Some one purchased the ticket.

"There now, grandma, a new ticket and enough to buy your boy a cake with, so you should worry! But as you're too young to travel alone, we're going to take you in with us. We just happen to be going your way. Here Ballut, Langlois! Quick there—take her baskets. Now then, don't let go my arm—here comes the train. Sh! don't cry, there's nothing to bawl about, we're all good fellows—all of us got grandmas who'd make just as big fools of themselves if they had to travel."

And with infinite care and tenderness a dozen hands hoisted their precious burden into the dimly lighted wooden-benched compartment.

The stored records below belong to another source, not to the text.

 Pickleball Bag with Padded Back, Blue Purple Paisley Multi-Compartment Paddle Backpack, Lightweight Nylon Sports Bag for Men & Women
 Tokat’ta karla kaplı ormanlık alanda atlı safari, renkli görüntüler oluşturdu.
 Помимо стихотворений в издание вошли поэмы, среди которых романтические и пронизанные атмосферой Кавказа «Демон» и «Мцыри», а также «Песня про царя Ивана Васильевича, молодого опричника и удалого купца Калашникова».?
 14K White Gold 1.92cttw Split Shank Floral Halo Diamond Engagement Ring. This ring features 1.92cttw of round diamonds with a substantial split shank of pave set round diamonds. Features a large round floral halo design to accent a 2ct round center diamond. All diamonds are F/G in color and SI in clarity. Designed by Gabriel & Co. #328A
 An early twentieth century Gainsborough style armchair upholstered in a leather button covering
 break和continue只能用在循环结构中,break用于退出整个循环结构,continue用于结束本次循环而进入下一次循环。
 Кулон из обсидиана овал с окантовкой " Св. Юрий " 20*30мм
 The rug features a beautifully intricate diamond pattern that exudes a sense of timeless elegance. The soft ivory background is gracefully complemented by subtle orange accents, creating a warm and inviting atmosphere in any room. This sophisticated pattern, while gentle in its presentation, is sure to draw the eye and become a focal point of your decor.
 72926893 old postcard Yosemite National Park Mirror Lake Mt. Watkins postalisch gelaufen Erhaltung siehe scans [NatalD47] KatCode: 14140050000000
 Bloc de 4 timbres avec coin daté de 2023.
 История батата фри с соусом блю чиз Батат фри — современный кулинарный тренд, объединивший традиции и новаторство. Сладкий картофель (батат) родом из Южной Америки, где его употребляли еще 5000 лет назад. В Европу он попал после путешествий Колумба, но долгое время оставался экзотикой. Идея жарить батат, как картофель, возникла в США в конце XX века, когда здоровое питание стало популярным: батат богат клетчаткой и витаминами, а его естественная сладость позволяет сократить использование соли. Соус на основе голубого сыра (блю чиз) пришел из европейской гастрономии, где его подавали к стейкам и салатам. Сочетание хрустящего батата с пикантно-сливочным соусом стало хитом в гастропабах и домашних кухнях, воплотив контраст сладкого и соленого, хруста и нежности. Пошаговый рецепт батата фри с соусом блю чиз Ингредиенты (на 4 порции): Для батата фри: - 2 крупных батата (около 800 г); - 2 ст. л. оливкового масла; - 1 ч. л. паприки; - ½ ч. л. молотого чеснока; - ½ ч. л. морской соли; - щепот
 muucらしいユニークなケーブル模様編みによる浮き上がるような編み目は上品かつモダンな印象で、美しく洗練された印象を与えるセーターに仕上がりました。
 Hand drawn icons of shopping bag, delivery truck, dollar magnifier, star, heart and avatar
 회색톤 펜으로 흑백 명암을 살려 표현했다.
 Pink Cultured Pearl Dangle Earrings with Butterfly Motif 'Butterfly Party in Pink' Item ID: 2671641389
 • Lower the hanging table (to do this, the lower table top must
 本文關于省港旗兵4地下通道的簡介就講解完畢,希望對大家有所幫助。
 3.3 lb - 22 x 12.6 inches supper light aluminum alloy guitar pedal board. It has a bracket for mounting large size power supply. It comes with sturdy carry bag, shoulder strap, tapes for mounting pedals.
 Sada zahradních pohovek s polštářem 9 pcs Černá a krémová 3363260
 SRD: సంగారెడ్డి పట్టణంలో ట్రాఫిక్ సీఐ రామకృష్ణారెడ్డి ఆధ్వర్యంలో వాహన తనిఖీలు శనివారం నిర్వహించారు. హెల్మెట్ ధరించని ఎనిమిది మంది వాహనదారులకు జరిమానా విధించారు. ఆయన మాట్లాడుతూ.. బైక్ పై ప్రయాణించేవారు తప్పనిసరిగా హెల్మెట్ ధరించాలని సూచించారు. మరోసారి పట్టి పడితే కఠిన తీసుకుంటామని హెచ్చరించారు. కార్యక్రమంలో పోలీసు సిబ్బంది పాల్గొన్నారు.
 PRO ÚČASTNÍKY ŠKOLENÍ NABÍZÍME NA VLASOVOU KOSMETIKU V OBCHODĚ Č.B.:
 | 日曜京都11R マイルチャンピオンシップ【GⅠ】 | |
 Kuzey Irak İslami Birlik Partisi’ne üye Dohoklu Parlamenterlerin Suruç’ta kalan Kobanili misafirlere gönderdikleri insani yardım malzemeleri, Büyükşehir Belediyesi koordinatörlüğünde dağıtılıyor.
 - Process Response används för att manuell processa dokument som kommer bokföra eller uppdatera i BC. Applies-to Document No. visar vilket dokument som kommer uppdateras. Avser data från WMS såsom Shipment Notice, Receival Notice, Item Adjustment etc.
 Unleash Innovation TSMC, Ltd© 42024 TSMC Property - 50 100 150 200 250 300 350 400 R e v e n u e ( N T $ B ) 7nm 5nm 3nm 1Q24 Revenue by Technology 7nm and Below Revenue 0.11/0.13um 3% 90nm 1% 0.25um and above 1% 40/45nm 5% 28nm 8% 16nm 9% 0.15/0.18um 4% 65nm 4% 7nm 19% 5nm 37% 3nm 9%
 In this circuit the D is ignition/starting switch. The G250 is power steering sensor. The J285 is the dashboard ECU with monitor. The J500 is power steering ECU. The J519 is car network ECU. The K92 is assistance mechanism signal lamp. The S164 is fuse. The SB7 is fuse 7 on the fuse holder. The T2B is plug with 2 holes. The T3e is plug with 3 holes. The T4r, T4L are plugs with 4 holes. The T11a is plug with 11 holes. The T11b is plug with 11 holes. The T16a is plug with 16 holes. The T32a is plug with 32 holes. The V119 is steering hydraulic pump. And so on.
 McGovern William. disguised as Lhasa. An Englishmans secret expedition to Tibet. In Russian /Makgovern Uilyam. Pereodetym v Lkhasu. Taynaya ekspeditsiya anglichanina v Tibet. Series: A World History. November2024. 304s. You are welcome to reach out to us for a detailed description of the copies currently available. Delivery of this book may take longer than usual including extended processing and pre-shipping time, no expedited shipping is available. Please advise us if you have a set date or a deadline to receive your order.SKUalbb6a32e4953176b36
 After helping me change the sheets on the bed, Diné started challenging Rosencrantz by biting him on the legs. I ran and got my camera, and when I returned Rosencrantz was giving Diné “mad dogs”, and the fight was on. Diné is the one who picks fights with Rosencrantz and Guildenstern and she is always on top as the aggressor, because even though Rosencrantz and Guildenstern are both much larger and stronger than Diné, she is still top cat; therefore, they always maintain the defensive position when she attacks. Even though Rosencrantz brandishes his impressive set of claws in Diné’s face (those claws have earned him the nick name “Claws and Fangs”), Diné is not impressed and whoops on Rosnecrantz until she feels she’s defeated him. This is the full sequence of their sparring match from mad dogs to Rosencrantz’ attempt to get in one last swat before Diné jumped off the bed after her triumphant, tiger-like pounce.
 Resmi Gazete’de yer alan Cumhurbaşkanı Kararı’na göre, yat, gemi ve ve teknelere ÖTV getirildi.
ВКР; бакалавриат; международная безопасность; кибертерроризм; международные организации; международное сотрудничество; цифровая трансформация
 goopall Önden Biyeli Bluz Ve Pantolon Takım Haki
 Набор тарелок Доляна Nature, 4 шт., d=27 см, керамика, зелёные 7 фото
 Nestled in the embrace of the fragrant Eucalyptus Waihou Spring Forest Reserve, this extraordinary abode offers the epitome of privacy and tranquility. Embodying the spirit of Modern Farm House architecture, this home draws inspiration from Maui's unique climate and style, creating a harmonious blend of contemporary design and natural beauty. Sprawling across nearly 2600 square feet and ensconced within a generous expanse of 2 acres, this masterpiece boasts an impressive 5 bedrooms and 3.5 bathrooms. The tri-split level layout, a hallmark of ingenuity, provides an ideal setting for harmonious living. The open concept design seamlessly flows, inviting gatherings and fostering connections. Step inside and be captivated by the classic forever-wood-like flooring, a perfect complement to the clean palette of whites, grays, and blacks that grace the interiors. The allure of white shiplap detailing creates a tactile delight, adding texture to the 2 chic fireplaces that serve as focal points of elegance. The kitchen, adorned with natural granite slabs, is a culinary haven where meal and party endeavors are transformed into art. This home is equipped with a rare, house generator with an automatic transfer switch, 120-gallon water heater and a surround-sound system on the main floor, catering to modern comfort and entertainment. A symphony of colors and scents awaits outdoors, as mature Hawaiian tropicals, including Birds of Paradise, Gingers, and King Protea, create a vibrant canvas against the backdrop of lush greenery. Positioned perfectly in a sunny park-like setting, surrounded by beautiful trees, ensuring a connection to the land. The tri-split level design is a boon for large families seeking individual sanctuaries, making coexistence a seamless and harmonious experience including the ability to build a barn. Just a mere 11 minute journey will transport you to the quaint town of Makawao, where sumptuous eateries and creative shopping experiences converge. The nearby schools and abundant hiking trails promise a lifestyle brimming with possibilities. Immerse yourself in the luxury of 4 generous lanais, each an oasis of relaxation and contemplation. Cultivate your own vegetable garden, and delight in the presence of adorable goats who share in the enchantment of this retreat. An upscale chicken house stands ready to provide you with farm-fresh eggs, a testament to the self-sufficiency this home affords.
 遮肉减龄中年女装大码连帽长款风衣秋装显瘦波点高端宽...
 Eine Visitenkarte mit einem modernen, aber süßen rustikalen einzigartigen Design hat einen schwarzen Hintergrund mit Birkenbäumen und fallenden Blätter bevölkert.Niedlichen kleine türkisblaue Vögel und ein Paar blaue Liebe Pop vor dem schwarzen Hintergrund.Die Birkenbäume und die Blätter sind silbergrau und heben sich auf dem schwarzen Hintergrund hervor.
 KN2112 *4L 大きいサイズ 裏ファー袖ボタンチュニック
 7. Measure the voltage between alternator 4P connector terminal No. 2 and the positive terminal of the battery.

Yes, travelling in France under such circumstances is to me more interesting than ever, for when it is not one's fellow passengers who hold the attention, there are always those thousand and one outside incidents which the eye retains involuntarily. War factories and munition plants sprung from the ground as though by magic; immense training camps in course of construction, aviation fields over which so cleverly hover those gigantic, graceful war birds, who on catching sight of the train fly low and delight the astonished passengers by throwing them a greeting, or, challenging the engineer, enter into a race.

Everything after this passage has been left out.